Announcement

Collapse
No announcement yet.
X
  • Filter
  • Time
  • Show
Clear All
new posts

  • Advice regarding estimating competing risk

    If i desire to calculate the cumulative incidence of both outcome (fracture=1/no fracture=0) and death (dead=1/alive=0) in a cohort, using competing risk, does the "status" variable that i am using have to have outcome, death and missing combined (outcome = 1 dead = 2 no outcome/no death=3).
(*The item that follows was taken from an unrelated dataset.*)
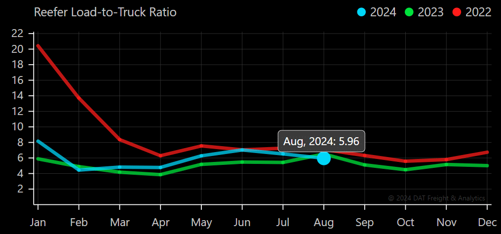 The DAT Load-to-Truck Ratio measures the total number of loads relative to the total number of trucks posted on its spot board. The dry van reading continued to decline, reaching 3.64 in August. This aligns with expectations, as decreased volume and stable capacity lead to lower load-to-truck ratios. Reefer markets followed a similar trend, with load-to-truck ratios falling to 5.96 in August.
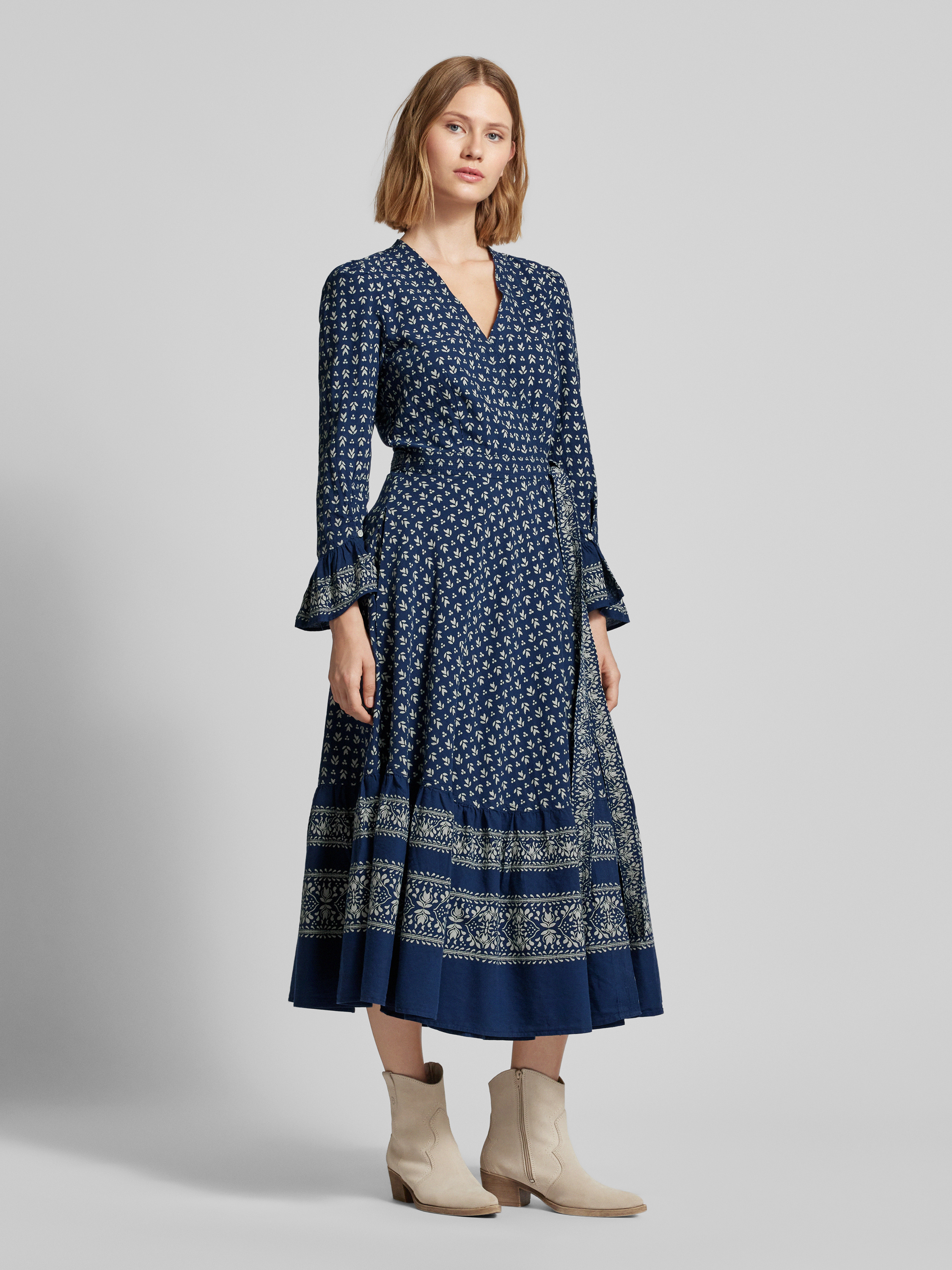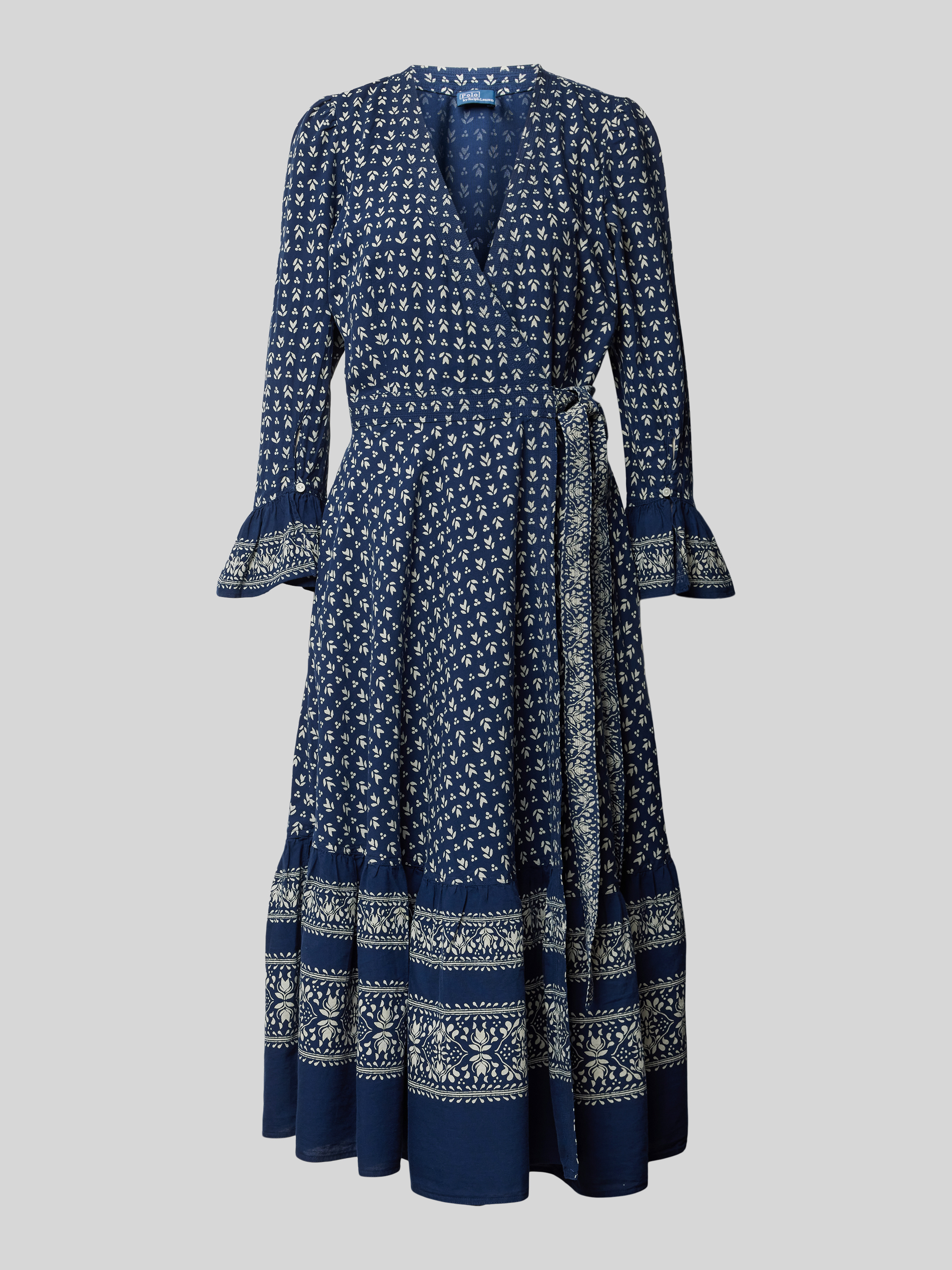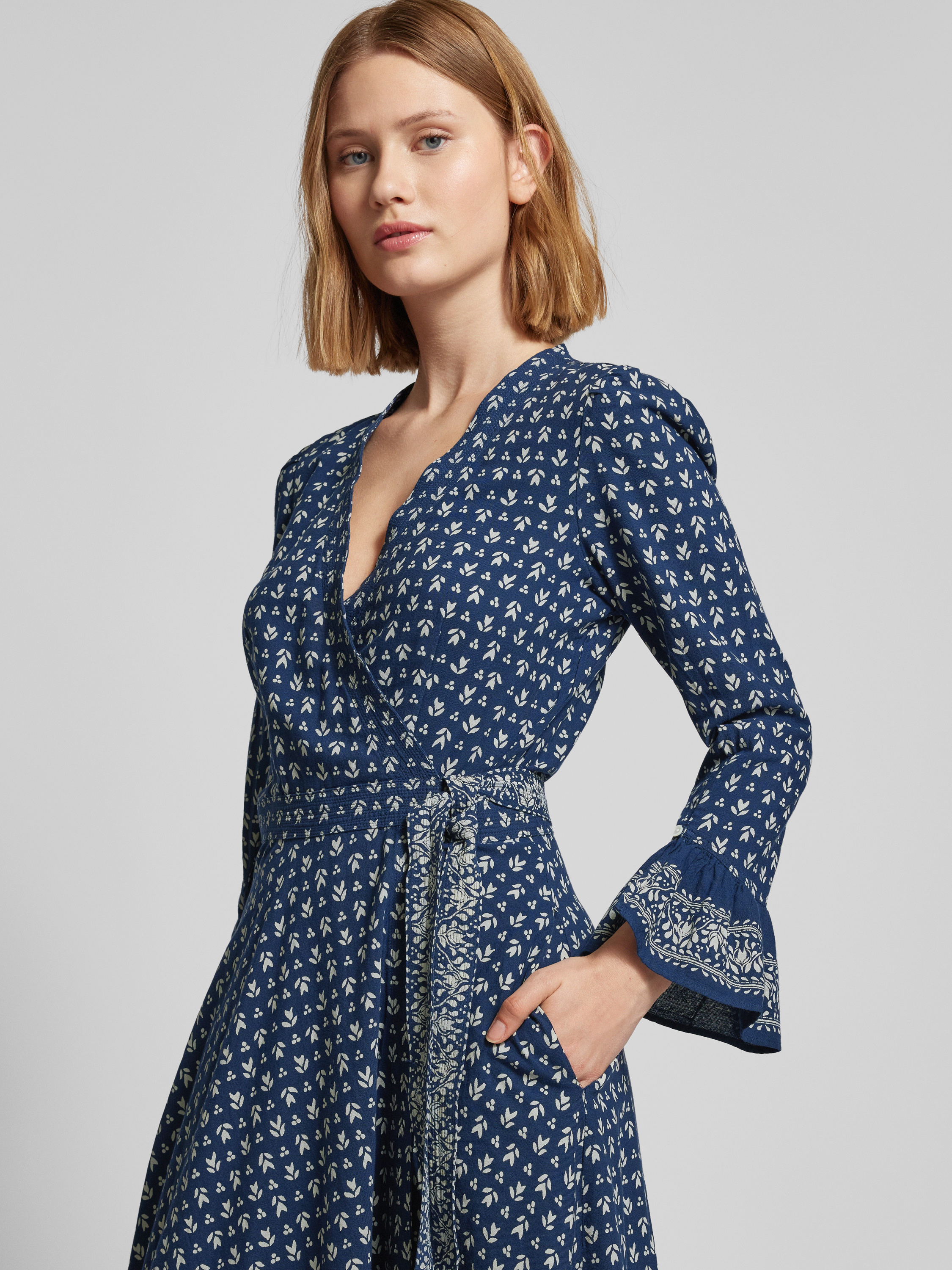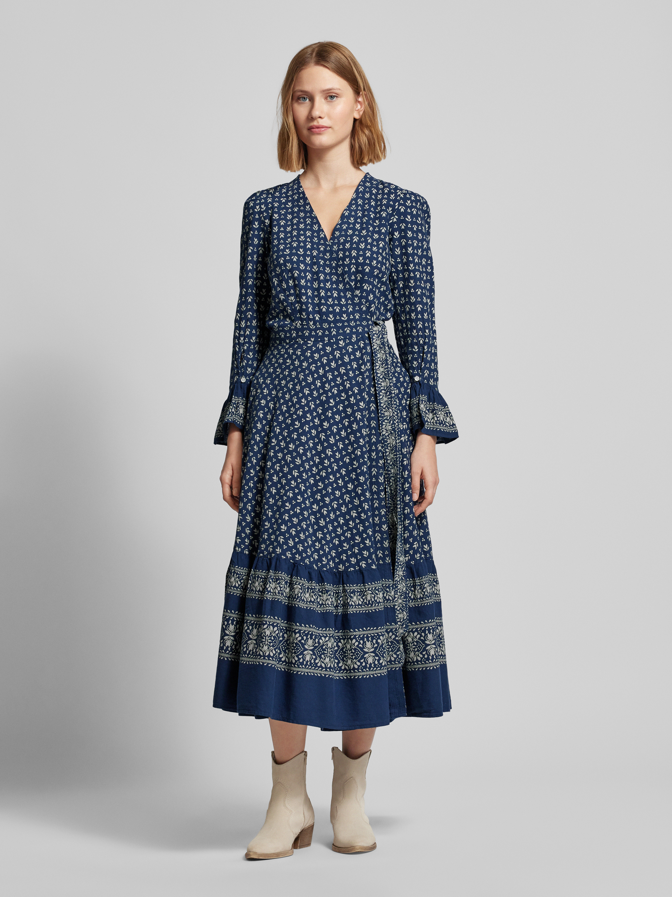 Das Wickelkleid von Polo Ralph Lauren kombiniert den Komfort reiner Baumwolle mit einem leicht ausgestellten Schnitt, der sanft die Silhouette umspielt. Der V-Ausschnitt und die gerüschten Ärmelabschlüsse fügen eine elegante Note hinzu. Mit dem Bindegürtel lässt sich die Passform individuell anpassen.

I have been trying with the command below, but it wont seem to work:
    Code:
    gen outcome = had_fracture
    gen endpoint = min(first_fracture_date, end_follow_date)
    stset endpoint, failure(outcome = 1) scale(365.25) origin(start_follow_date)
    stcompet= , compet(dead=1)
    It is when using "stcompet= , compet(dead=1)", that i am suspecting that i need to combine outcome and dead into one variabel for it to be correct

    And then to depict the (competing) cumulated incidence of fractures and death:
    Code:
    twoway ///
    (line cummort _t if status==1 , c(J)) ///
    (line cummort _t if dead==1 , c(J))
    I cannot use dataex, because i am working with sensitive data, sorry. Please tell me if more information is needed for better comprehension, thank you

  • Clyde Schechter
    replied
    Well, my bias is to almost always do more analyses and present them all.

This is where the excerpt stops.